余談だが、七天教相手には基本的に林檎と牛のメニューを用意しておけば間違いない。道化の象徴とも言われるのが黄金の果実ことリンゴ。
この世界では皮が金に近い黄色をしたヒヒリンゴが貴族間では一般的であり、赤いものは非リンゴとして1割以下の価値になるがまあそれは今は無関係。
こんな豪華な場で赤いリンゴなんて出たら貴族間で馬鹿にされる。公爵家がやれば一週間は何処へ行ってもその話題が出るだろう。味はあんまり変わらないんだけどな、あれ。

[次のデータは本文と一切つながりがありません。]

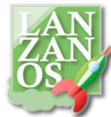
Figura 8. Crowdfunding Lanzasos

Además de encontrar socios o inversores para tu proyecto, se puede acceder a su formación y contar con el apoyo de sus expertos en desarrollo de proyectos. Una de las novedades que diferencian Lánzanos de otras plataformas de Crowdfunding es el hecho de que antes de pasar a la página de financiación tu proyecto tiene que reunir los votos suficientes (100 en total) para que pueda ser financiado.[11]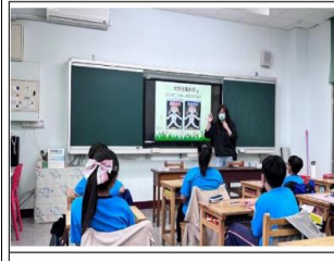
說明：認識男學生的生殖系統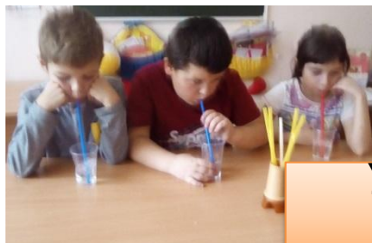
Упр. «Буря в стакане»

また、牛だが……牛帝という七大天が居るので神聖な生き物として食べることが禁止されているかと思いきや、天が我々に下さった神聖な食べ物だとして逆に積極的に食べられている。宴では位によって食べて良い肉の部位が決まっているとかいないとか。高級部位より赤身をガッツリ食べたいときとかどうするんだろうそれ。

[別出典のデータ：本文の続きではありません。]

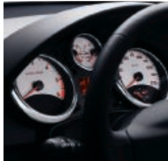
Weiß hinterlegte Rundinstrumente mit Chromumrandung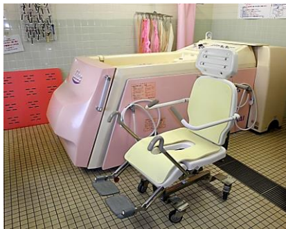
イスに座って入るお風呂です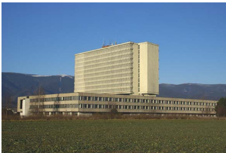
Hlavní budova Slovenské národní knihnice v Martině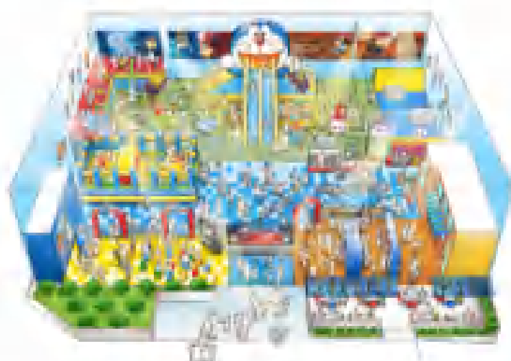
完成イメージ(内観)

因にだが、人権の無い獣人や奴隷が牛を食べると聖教国では罰せられる。いや別に良いだろと言いたいが、宗教とはそんなものなのだろう。
帝国?帝国皇子が人権のない孤児に向けてアナに牛を使った料理をさせてる時点でどうということはない。
庭園会の開かれている中庭はかなり豪勢だ。
噴水もあれば花壇もある。花壇に植えられているのはイデアの花だろう。真の姿、という意味ともされるその淡く白い花は万病に効く薬の材料とも言われる珍種だ。

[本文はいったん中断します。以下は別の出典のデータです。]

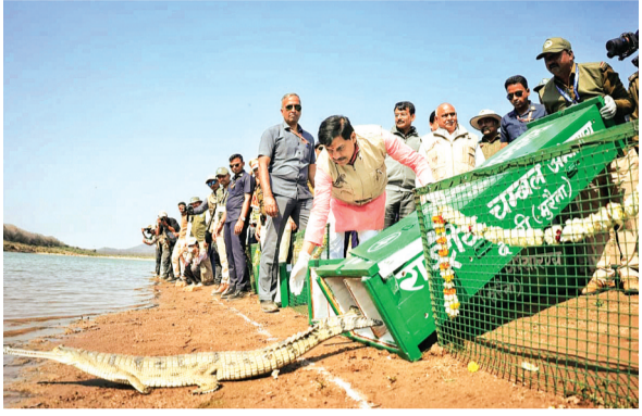
घड़ियाल प्रोजेक्ट के लिए मुफ्रीद है कूनो

प्रोजेक्ट चीता के माध्यम से देश भर में प्रसिद्ध पाने वाले कूनो नेशनल पार्क में अब पर्यटक मारामच्छ, घड़ियाल, कछुए और कई दुर्लभ प्रजाति के जलचरों के दर्शन भी कर सकेंगे। कूनो पर्यटकों का भरपूर मनोरंजन करे इसमें कोई कसर बाकी नहीं छोड़ेंगे। यह बात रविवार को मुख्यमंत्री डॉ मोहन यादव ने कूनो नेशनल पार्क में पत्रकारों के सवाल के जवाब देते हुए कही, वे रविवार को कूनो नदी में घड़ियाल और कछुओं को छोड़ने पहुंचे थे।

では高いのかというと……魔法に弱いという致命的な欠点があるため魔法に頼らず手作業で育てなければならず、その上で夜空に輝く晶星の光をたっぷりと浴びる必要があるが故に屋内で育てることも出来ない。
寒さ暑さにも決して強くはなく、強い風で葉が落ちてしまえば花は咲かないし枯れる。その癖土から栄養をバカみたいに吸い上げて育つ。
そして何より、イデアの花を育てる上で問題なのは……万能の治癒の力ならばこんな面倒な花を育成して薬を作るより魔法である七天の息吹で良くない?と言われたら、使える者が居なくても大丈夫だから……くらいしか反論が効かない。
薬は液状であり、死にかけの怪我でなければ何度かに分けて使えるから1冊1回固定の七天の息吹とは違う……と言いたいが、保存は利くものの空気に触れると劣化が早いのでちびちび使う事が出来るとは言い難い。最初に開けてから保存できるのは精々1週間(8日)が限度だろう。しかも、一度作った薬は冷暗所に安置しておく必要がある。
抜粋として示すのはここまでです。